FDA Okays Neuroblastoma Drug for Kids

— Monoclonal antibody approved as part of first-line therapy for pediatric neuroblastoma.

MedicalToday

The FDA has approved dinutuximab (Unituxin) for high-risk neuroblastoma in pediatric patients, the agency announced.

The monoclonal antibody was OK'd as part of first-line therapy for pediatric patients, which also includes surgery, chemotherapy, and radiation therapy for those who achieved at least a partial response to prior first-line multi-agent, multimodal therapy.

Approval follows a clinical trial of 226 pediatric patients with high-risk neuroblastoma whose tumors shrunk or disappeared after treatment with multiple-drug chemotherapy and surgery followed by additional intensive chemotherapy and who subsequently received bone marrow transplant support and radiation therapy.

Patients were randomized to either an oral retinoid drug, isotretinoin, or dinutuximab in combination with interleukin-2 and granulocyte-macrophage colony-stimulating factors, which are thought to enhance the activity of the monoclonal antibody by stimulating the immune system.

The study showed better rates of survival and were free of disease progression over 3 years for the drug group compared with the control group (63% versus 46%).

The drug carries a boxed warning about nerve cell irritation that causes severe pain requiring treatment with intravenous narcotics. It can also cause nerve damage and life-threatening infusion reactions, including upper airway swelling, difficulty breathing, and low blood pressure during or shortly after completion of the infusion.

Other serious side effects include infections, eye problems, electrolyte abnormalities, and bone marrow suppression, the FDA said.

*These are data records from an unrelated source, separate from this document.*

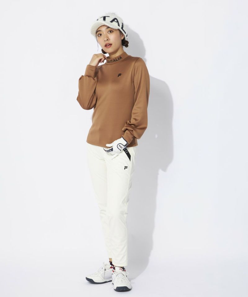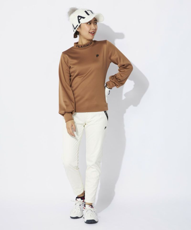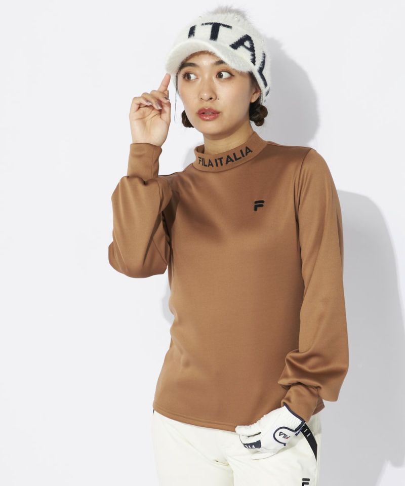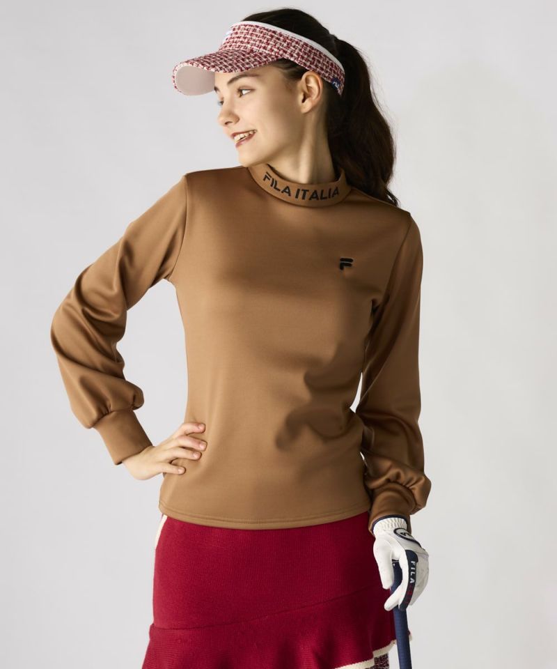 ジャガードのリブ衿がポイントのモックネックシャツ。袖口をふんわりさせたフェミニンなデザイン。裏面がベロア調の柔らかく肌触りの良いストレッチ素材を使用。袖口のボリュームは程よいボリューム感なので、インナーとしてもご利用いただけます。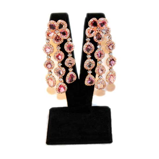 Presented is a gorgeous pair of earrings designed in a pendent style. The earrings are set in shiny rose gold, embellished with drop-cut pink sapphires. Diamonds are adorned around the sapphires to show extra glamor.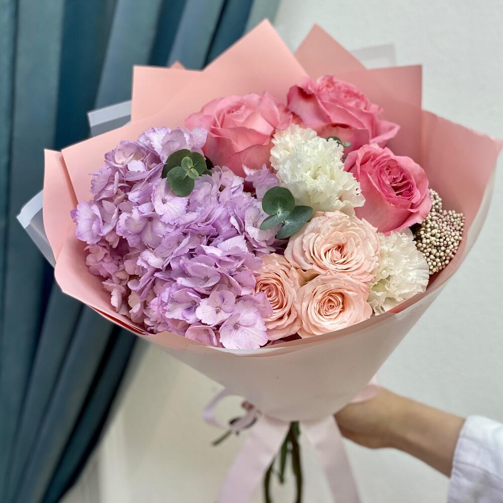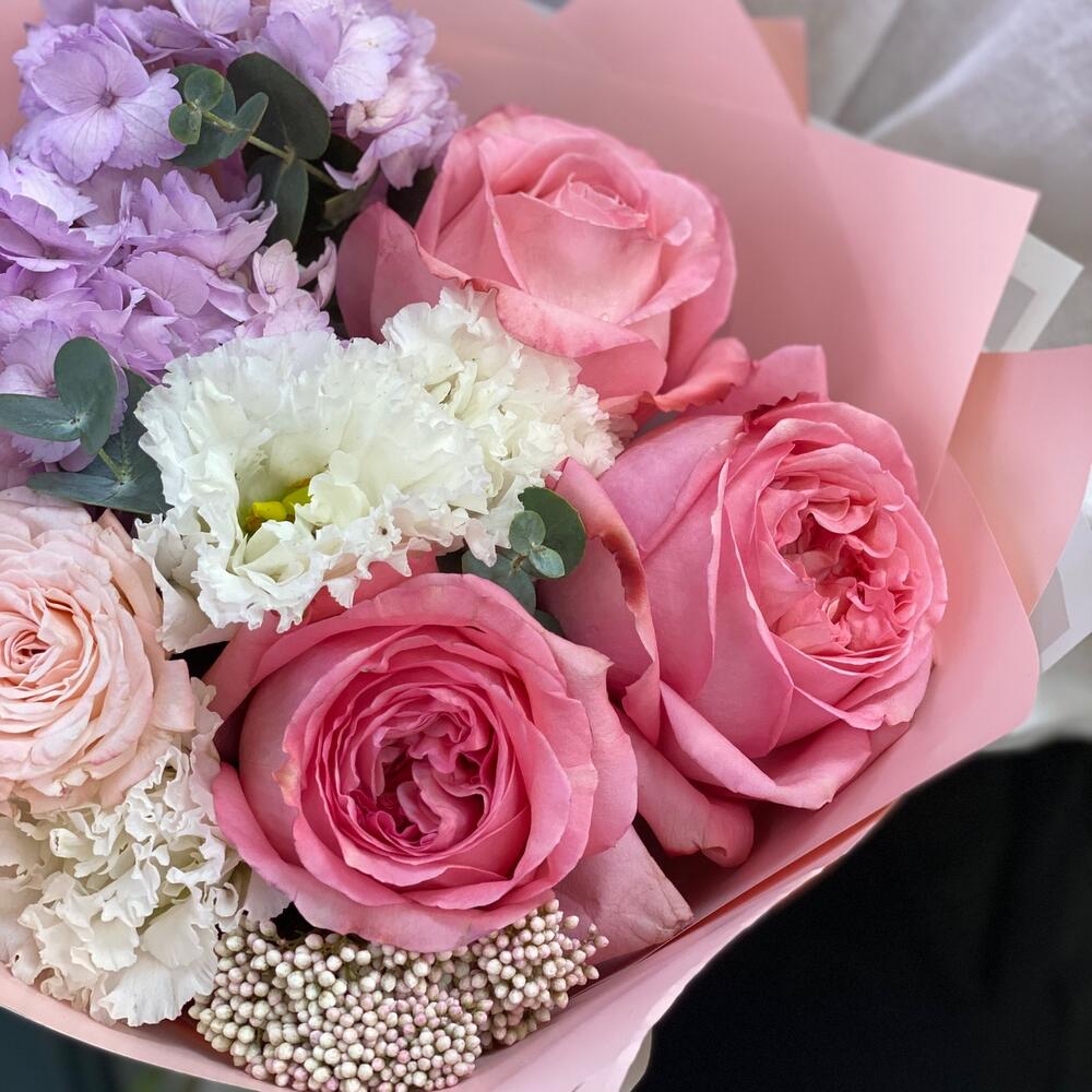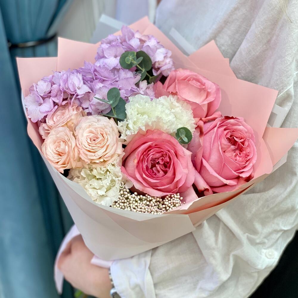 Красивый букет с гортензией и пионовидными розами

The most common side effects were severe pain, fever, low platelet counts, infusion reactions, low blood pressure, hyponatremia, hives, and low blood calcium levels.

The drug had been granted priority review and orphan drug designation. As an added bonus to drugmaker United Therapeutics, the firm also received a rare pediatric disease priority review voucher, allowing fast-track review on a subsequent drug application that wouldn't otherwise qualify.